Thank you for the info! noted.


----------



## chaz517 (Aug 5, 2012)

lol no drama come on now. what is the difference between screen printing and using a heat press? i thought u recommended me to get a heat press? maybe because im new to this? ordered a heat press, epson 545 and teflon sheet. also bought about 20 transfers. just need the cutter and some t shirts now haha


----------



## chaz517 (Aug 5, 2012)

also, since im starting with just white tees do i still need a cutter? thanks


----------



## arthurkay (Aug 3, 2012)

I didn't recommend a heat press you asked what you needed to heat press transfers. Right? But a heat press is good to start off with that's how I started screen printing requires a little more skill money and time but your shirts will be high quality but I screen printing press could be something you can work towards because they are more expensive and yes the clear film from the transfers is still going to show on white shirts the only reason you wouldn't need a cutter is if your design covers the entire transfer sheet

Sent from my DROIDX using T-Shirt Forums


----------



## chaz517 (Aug 5, 2012)

arthurkay said:


> I didn't recommend a heat press you asked what you needed to heat press transfers. Right? But a heat press is good to start off with that's how I started screen printing requires a little more skill money and time but your shirts will be high quality but I screen printing press could be something you can work towards because they are more expensive and yes the clear film from the transfers is still going to show on white shirts the only reason you wouldn't need a cutter is if your design covers the entire transfer sheet
> 
> Sent from my DROIDX using T-Shirt Forums


Correct. My apologies. Hoping the quality is still good using a heat press . So much to learn still lol. Thanks again


----------



## royster13 (Aug 14, 2007)

The discussion of heat transfers always gets blurry because of the various kinds of heat transfers....If you are printing them yourself most often they will be ink jet transfers....Either you like ink jet transfers or you do not.....And for me, I am in the "do not like them" camp......I do not think they have any place in a business to business selling situation because in my mind they are not of an acceptable quality.....


----------



## chaz517 (Aug 5, 2012)

royster13 said:


> The discussion of heat transfers always gets blurry because of the various kinds of heat transfers....If you are printing them yourself most often they will be ink jet transfers....Either you like ink jet transfers or you do not.....And for me, I am in the "do not like them" camp......I do not think they have any place in a business to business selling situation because in my mind they are not of an acceptable quality.....

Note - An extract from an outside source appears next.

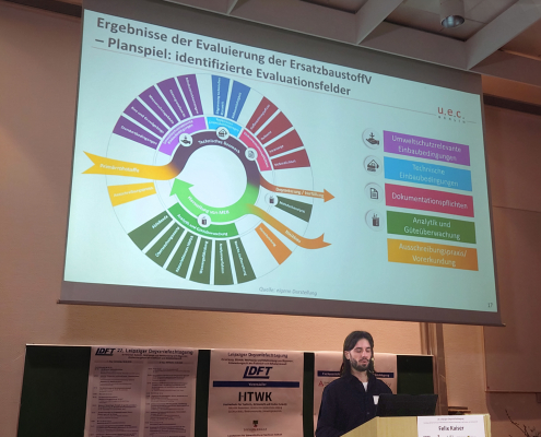 Am 11.09.2025 stellten wir auf der Messe NordBau in Neumünster im Rahmen der Fachveranstaltung „Aktuelle Entwicklungen im Abfallrecht“ der Entsorgergemeinschaften Nord die Zwischenergebnisse des Projekts zur Evaluierung der Ersatzbaustoffverordnung vor. Im Mittelpunkt standen die Ergebnisse des 2025 durchgeführten Planspiels, insbesondere die erarbeiteten Lösungsansätze, um Hemmnisse beim Einsatz von mineralischen Ersatzbaustoffen abzubauen sowie unsere Handlungsempfehlungen für eine Novellierung der Ersatzbaustoffverordnung an das Bundesumweltministerium.

Thank you for the input. Most of my business will be transfers that I purchase online. Some here n there will be done w inkjet printer. Why is the quality so bad on these? Besides turning short.inside.out.on.first wash and drying.properly after, are there any tips to improve quality? Thank.you


----------



## royster13 (Aug 14, 2007)

If I knew why they are so bad, I would invent a new system, patent it and get rich.....Sorry for the "smart ***" comment but I really have no idea why they are the way they are.....

And as far as washing instructions, they are kind of useless as most folks pay no attention.....All they care about is that when the shirt starts to look bad it is your fault....And I choose not to go down this road.....And if you read through the forums here, you will see many others that pick my side versus the other side....


----------



## chaz517 (Aug 5, 2012)

Lol its all.good thanks for the input . What method.do.most people use then?


----------



## valleyboy_1 (Jan 23, 2010)

Arthur, I think you got it twisted. Plastisol transfers ARE screen printed transfers. The only difference is instead of pressing directly on the garment, you press on release paper to be applied via Heat press. And the heat press is a vital to to any print shop. Try screen printing caps, you'll be investing in a heat press in no time. And Chaz when you get a vinyl cutter, you'll fall in love with what you can do with it. However, the cameo, which is what i'm starting with, only has a 12" cutting width. Most people start with a 24" vinyl cutter if they decide to explore this method of printing. Good luck!


----------